Не спалось. Я долго ворочалась с боку на бок, пытаясь заснуть. Сна не было ни в одном глазу. То есть, как только глаза закрывались, перед ними представал этот рыжий с зелеными глазами в полотенце. Я глянула на часы — всего-то час ночи. Поднялась с кровати и подошла к окну. шел мелкий нудный осенний дождь. Фонарь освещал площадку перед подъездом и какую-то «залетную» машину. Из нее вышел мужчина и спрятался под дерево от дождя и от света фонаря. Мне почему-то казалось, что смотрит он на мои окна. Я автоматически сдвинулась в сторону, хотя точно знала, что меня не видно в темноте. Мужчина достал зажигалку и прикурил. На какое-то мгновенье огонек зажигалки осветил лицо мужчины.
— Твою мать, — прошептала я.
Под деревом курил тот самый рыжий опер, что приходил ко мне искать Гаранина. И как те теперь уезжать?
— Не спишь? — услышала я голос Валерия.
— Не сплю. Свет не включай, — ответила я, наблюдая, как рыжий докурил, бросил окурок на землю и сел в машины.
— Свинья!
— Кто? — удивился Валерий.
— Не ты! Вон тот рыжий, который за нами следит, — сердито ответила я.
— Что делать будем? — спросил он уже у меня за спиной.
Положил руки мне на плечи и уткнулся губами в мою макушку.
— Что ты делаешь? — напряглась я.
— Они же не знают, когда ты уезжаешь?
— Нет, я не уточняла время.
— Вопрос, они следят за тобой, потому что подозревают, что я здесь, или тут что-то личное?

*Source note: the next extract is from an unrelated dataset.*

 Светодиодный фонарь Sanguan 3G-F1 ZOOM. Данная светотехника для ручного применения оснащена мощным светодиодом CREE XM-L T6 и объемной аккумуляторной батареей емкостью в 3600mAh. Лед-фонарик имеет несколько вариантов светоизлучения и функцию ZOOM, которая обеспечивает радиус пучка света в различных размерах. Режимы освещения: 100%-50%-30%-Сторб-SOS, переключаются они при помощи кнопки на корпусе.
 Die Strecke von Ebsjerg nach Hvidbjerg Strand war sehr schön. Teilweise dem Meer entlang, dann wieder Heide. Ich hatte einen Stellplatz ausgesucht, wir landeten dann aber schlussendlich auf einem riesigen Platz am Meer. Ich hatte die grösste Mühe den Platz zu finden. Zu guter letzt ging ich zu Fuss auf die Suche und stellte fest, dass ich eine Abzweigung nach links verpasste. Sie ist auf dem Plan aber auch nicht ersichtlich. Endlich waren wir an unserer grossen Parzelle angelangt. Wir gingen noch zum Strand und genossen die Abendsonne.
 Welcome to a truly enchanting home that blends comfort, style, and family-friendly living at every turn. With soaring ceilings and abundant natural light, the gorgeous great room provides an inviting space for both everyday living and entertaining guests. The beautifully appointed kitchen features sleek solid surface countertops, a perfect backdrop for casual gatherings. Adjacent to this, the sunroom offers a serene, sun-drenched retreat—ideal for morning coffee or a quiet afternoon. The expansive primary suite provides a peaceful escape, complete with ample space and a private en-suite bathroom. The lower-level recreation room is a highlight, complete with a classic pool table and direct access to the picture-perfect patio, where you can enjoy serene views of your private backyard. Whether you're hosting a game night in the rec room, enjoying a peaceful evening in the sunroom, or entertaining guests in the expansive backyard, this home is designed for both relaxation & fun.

— Думаю, личное, — нахмурилась я.
— Да ты у нас сердцеедка, — хмыкнул Гаранин, не отпуская меня, слегка отодвинул штору, наклоняя голову и целуя меня в шею.

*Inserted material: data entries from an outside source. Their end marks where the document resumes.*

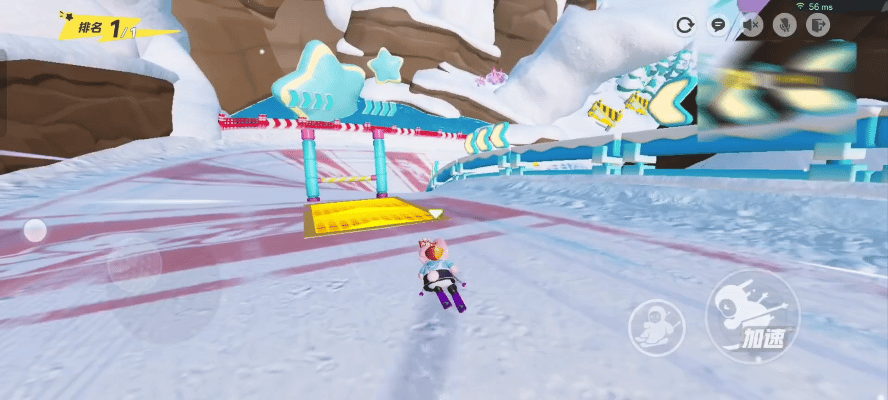 开局倒计时结束,星宝们进入雪地赛道,首先会遇到一段小斜坡和两条加速带。加速带可以迅速拉开和其他星宝们的距离,斜坡腾空也能增加移速,星宝们自由选择就好啦~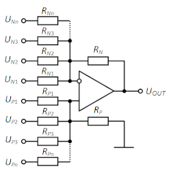 Таким образом, схема осуществляет сложение напряжений и вычитание напряжений с весовыми коэффициентами, равными: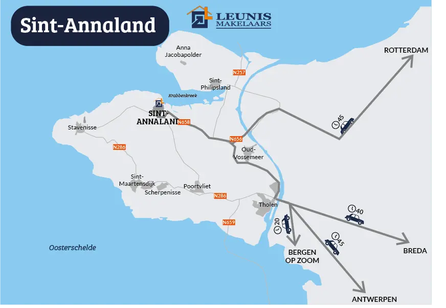 Sint-Annaland is een leuk dorp aan de Oosterschelde met een jachthaven, een uitnodigend zandstrandje en diverse winkelvoorzieningen binnen handbereik. Je kunt genieten van de rust en ruimte van het dorp, terwijl je toch centraal gelegen bent ten opzichte van nabijgelegen steden. Je hebt een goede verbindingsweg naar de A4 (Rotterdam-Antwerpen) en via de Oesterdam richting de A58 naar Goes en Middelburg. De Oosterschelde heeft wisselende getijden en fraaie vergezichten en biedt een schat aan mogelijkheden voor zeilen, duiken en zwemmen.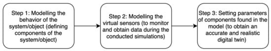 The first step in the methodology is creating the digital twin model for use throughout the study. In this step, the aim was to build a high-fidelity physical model of the real-life physical object or system under focus. The three main parts of this step are modeling the behavior of the individual components, modeling the behavior of the overall system (collection of components), and finally, modeling the sensors and fine-tuning the parameters [5], as shown in Figure 1 below.

— Ты что делаешь! — зашипела я и попыталась дернуться в сторону, но не получилось.
— Надо поддерживать легенду, — прошептал он мне на ухо, стало горячо, по шее и рукам пробежали мурашки, — Руслан твой ведь видел меня уже, так что ничего нового они не узнают.
Он развернул меня лицом к себе, одной рукой обнял за талию, второй провел по щеке.

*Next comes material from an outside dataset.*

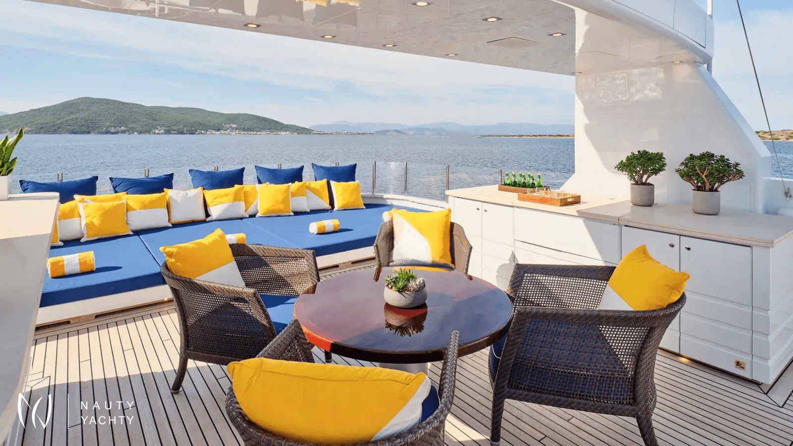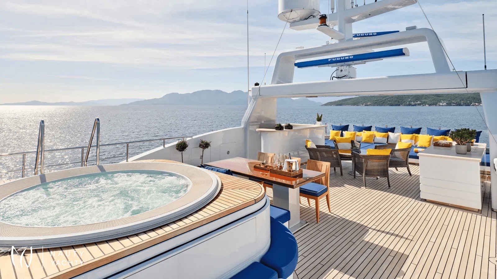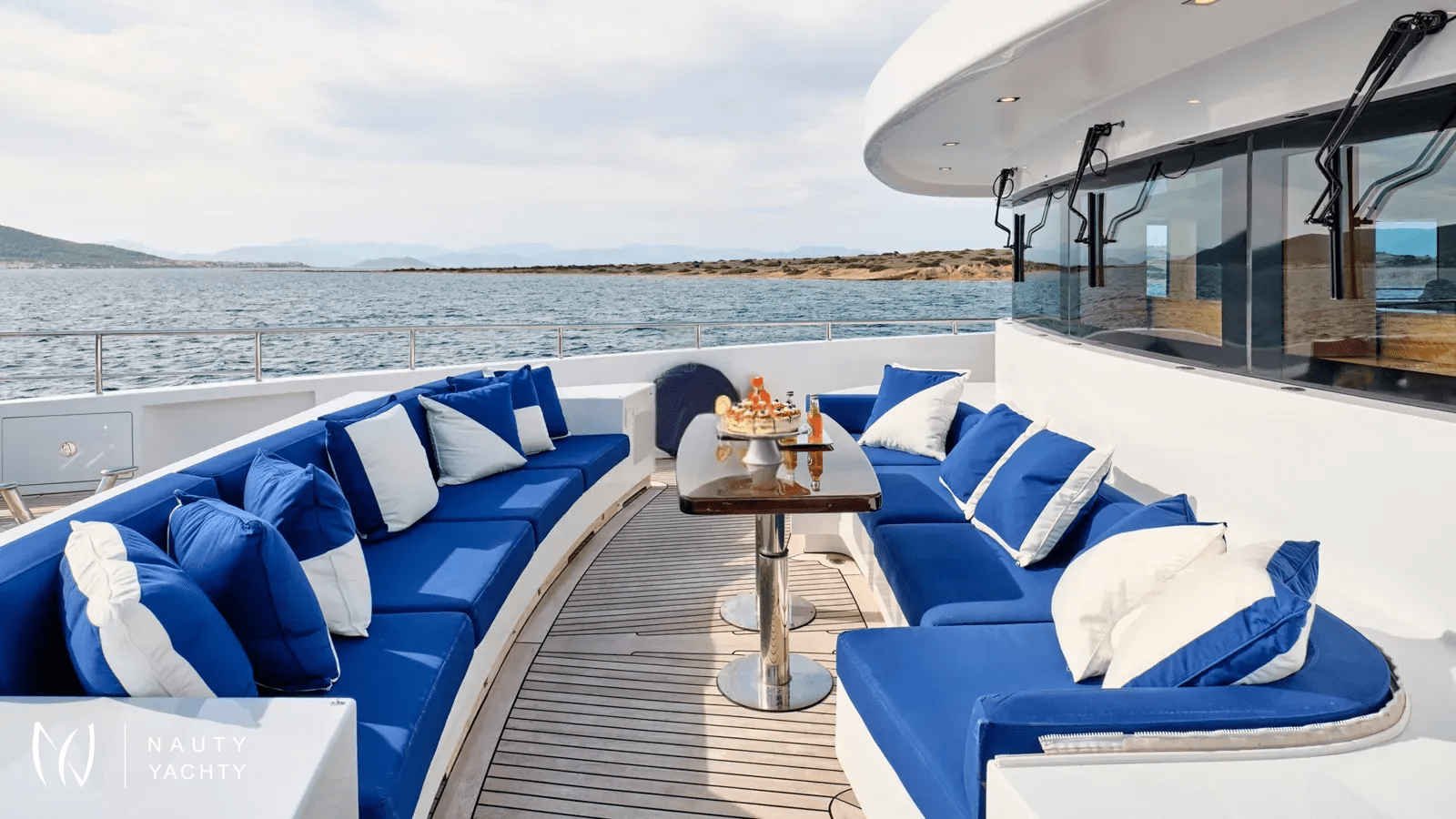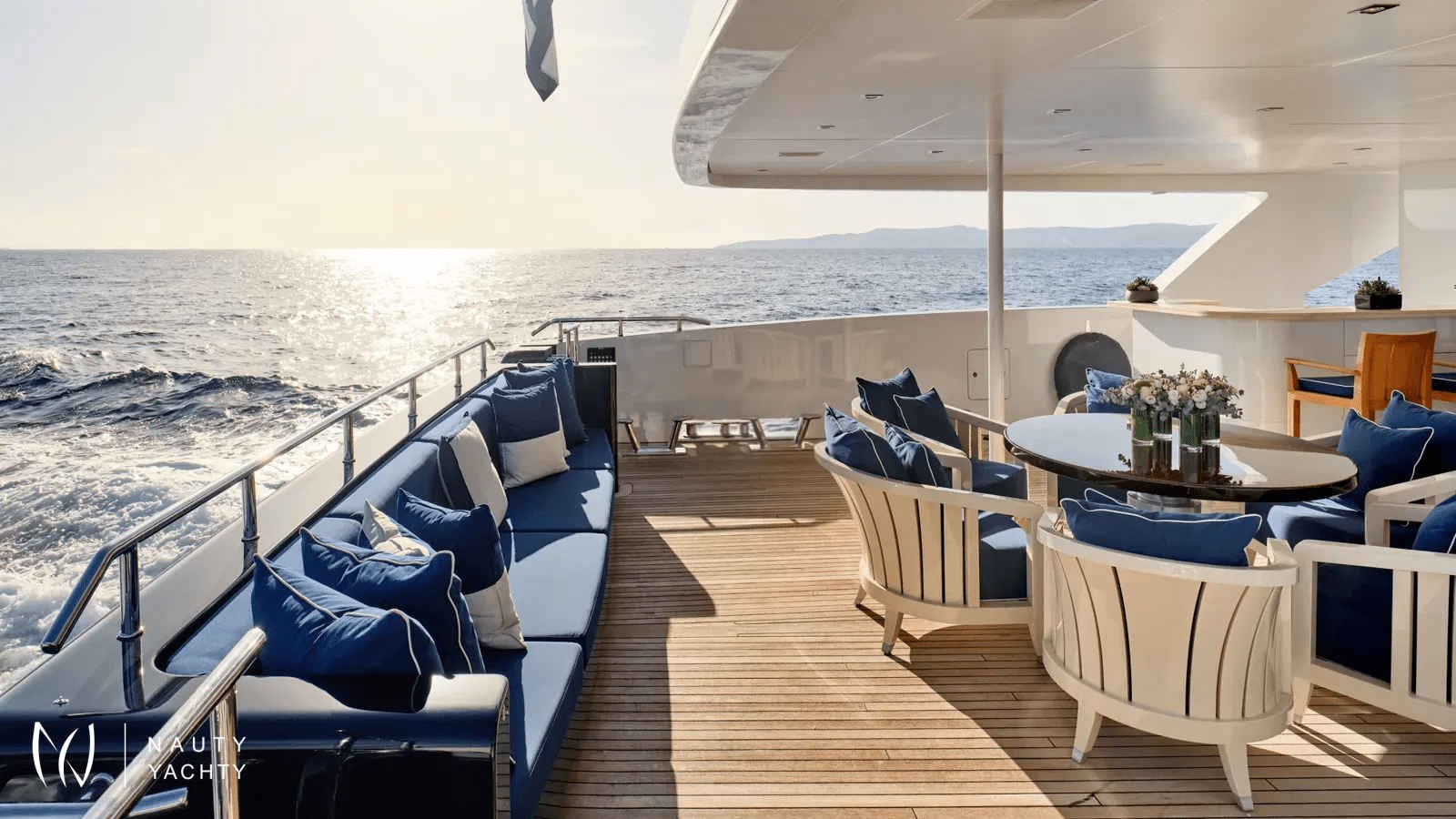 TIMBUKTU is a sleek and contemporary yacht offering the perfect platform for a luxurious escape through the Greek islands. Perfectly maintained by her Owner ever since delivery, she features a standout full-beam master suite on the main deck, a Jacuzzi on the sundeck, and an outstanding permanent crew of nine with excellent charter record, including a very talented Chef. This pet- and child-friendly yacht blends comfort, sophistication, and fun in equal measure.Accommodating up to 11 guests across five elegant cabins, TIMBUKTU is ideal for families or groups of friends. The full-beam master suite, located on the main deck, features an exceptional ensuite bathroom and a private office space. Her voluminous interiors are tastefully styled, with high ceilings and expansive windows creating a bright and inviting atmosphere throughout the main living spaces.Her generous deck spaces are designed for open-air living, with multiple areas to unwind, dine, or soak up the sun. The sundeck is a standout feature, complete with a large Jacuzzi, lounge seating, and panoramic views. Several covered areas offer respite from the midday sun, allowing for relaxed alfresco moments at any time of day. The gym, located on the upper deck, ensures guests can maintain their wellness routine while at sea.TIMBUKTU comes fully equipped with a wide array of water toys, catering to both adults and children. Highlights include two Seabobs, paddleboards, inflatables, and more. Her shallow draft and towed tender allow access to even the most secluded anchorages, making her an ideal choice for island-hopping adventures. With Zero Speed Stabilizers, guests can expect a smooth, silent cruising experience whether underway or at anchor.Thoughtfully outfitted with sustainable onboard products and a crew committed to responsible yachting, TIMBUKTU is also an eco-conscious option for discerning charterers looking to enjoy the Mediterranean in a more mindful way.

— Скажи, что у вас было с этим опером. Не могу понять, почему ты разрешаешь ему так с собой разговаривать. Он явно был удивлен, что у тебя есть мужчина. И почему решил проследить? Какая ему разница, с кем ты встречаешься?
Все это он говорил, нежно касаясь пальцами моей щеки.
— Замятин — mудак редкостный, а я — его запасные мозги во время учебы. Дура, которая была в него тихо влюблена. А сейчас мишень для шуток и издевок, — сказала я, облизав пересохшие губы. Взгляд мужчины переместился на мой рот, я прерывисто вздохнула. То ли от того, что впервые сформулировала наши взаимоотношения с Замятиным, то ли от того, что самый привлекательный мужчина держал меня в объятиях, — он считает меня толстой, глупой неудачницей. Издевается, потому что он уже старший оперуполномоченный, а меня даже в розыск не взяли.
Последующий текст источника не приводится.